A statistic is any value that is calculated from a given sample. In statistical inference we make a decision using the information provided by a sample.
Our first approach is parametric where we assume the sample is drawn from a distribution that obeys a known model (eg Gaussian). The advantage here is that the model is defined up to a small number of parameters - the sufficient statistics of the distribution. For example the mean and variance. Once we estimate those parameters, the whole distribution is known.
So we estimate the parameters of the distribution from the given sample data. We plug in those estimates into the assumed model. And we get an estimated distribution.

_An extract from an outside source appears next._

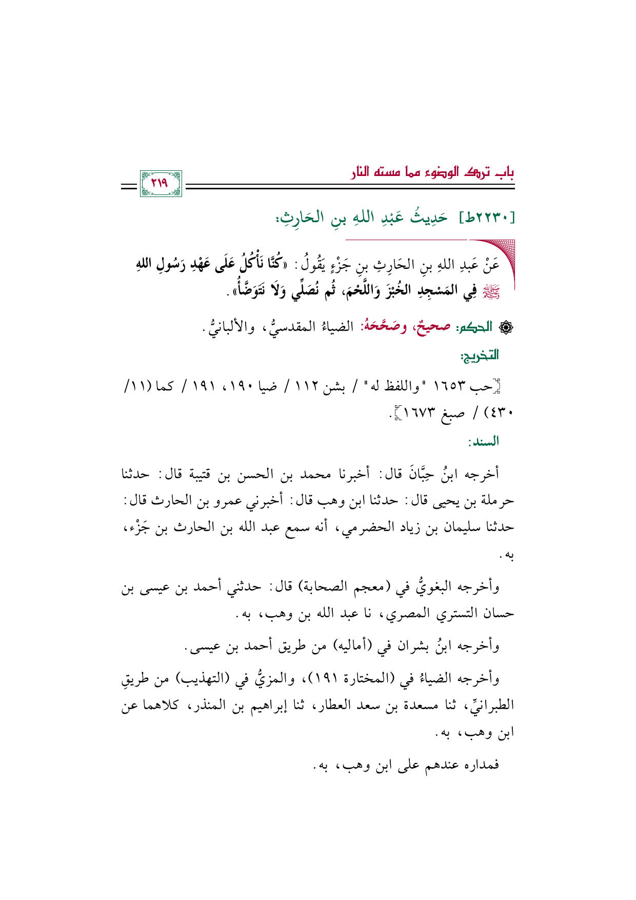 أخرجه ابنُ حِبَّانَ قال: أخبرنا محمد بن الحسن بن قتيبة قال: حدثنا حرملة بن يحيى قال: حدثنا ابن وهب قال: أخبرني عمرو بن الحارث قال: حدثنا سليمان بن زياد الحضرمي، أنه سمع عبد الله بن الحارث بن جَزْء، به.

To estimate the parameters of a distribution we use Maximum Likelihood Estimation. This chapter covers univariate cases, the next generalizes to multivariate cases.
Maximum Likelihood Estimation
We have an independent and identically distributed (iid) sample: \(X = \{ x^t \}^N_{t=1}\). Assume that the \(x^t\) instances are drawn from some probability density family, \(p(x|\theta )\) defined up to the parameters \(\theta\).
So we want to find θ that make sampling \(x^t\) as likely as possible. Because the observations are independent the likelihood of parameter θ given sample \(X\) is the product of the likelihoods of the individual points:
\[l(\theta |X) \equiv p(X|\theta) = \prod^N_{t=1}p(x^t|\theta)\]
In maximum likelihood estimation we want to find θ that makes X the most likely to be drawn. We can compute the log likelihood without changing things, which gives us a sum instead of product and other benefits. So we have the following log likelihood
\[L(\theta | X) \equiv \log l(\theta | X) = \sum^N_{t=1} \log p(x^t| \theta)\]
The chapter shows how this works with Bernoulli, Multinomial and Gaussian distributions.
For Bernoulli, the estimate is \(\frac{\sum_t x^t}{N}\).
The generalization of Bernoulli is a multinomial distribution where the estimate is \(\hat{p}_i = \frac{\sum_t x^t_i}{N}\) where the class is represented by \(x_i = 1\) and otherwise 0 for \(x_1 \dots x_k\) indicator variables.